To do:
The lines below starting at the line containing "4. SINIF 32." and ending at the line containing "The service started" are to be repeated exactly, with both ends kept and nothing else added.

Dataset entries:

•••

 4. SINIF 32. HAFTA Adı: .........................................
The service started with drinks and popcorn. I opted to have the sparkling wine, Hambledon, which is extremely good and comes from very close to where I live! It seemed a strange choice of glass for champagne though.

•••

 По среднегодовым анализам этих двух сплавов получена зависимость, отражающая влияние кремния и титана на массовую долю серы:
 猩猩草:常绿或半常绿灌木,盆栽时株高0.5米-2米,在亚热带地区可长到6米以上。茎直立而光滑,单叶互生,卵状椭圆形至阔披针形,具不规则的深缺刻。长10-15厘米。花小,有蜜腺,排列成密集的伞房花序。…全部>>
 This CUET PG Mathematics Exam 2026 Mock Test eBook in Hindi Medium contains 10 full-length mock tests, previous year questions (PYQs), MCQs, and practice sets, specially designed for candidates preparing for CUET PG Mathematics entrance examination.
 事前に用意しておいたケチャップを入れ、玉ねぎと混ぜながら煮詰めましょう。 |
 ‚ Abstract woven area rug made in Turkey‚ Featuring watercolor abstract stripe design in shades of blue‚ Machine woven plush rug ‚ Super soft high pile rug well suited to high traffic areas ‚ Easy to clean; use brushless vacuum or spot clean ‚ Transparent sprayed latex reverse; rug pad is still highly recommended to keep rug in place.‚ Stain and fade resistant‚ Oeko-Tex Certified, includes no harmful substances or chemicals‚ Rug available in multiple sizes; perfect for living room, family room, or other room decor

•••

Result of this exercise:
 4. SINIF 32. HAFTA Adı: .........................................
The service started with drinks and popcorn. I opted to have the sparkling wine, Hambledon, which is extremely good and comes from very close to where I live! It seemed a strange choice of glass for champagne though.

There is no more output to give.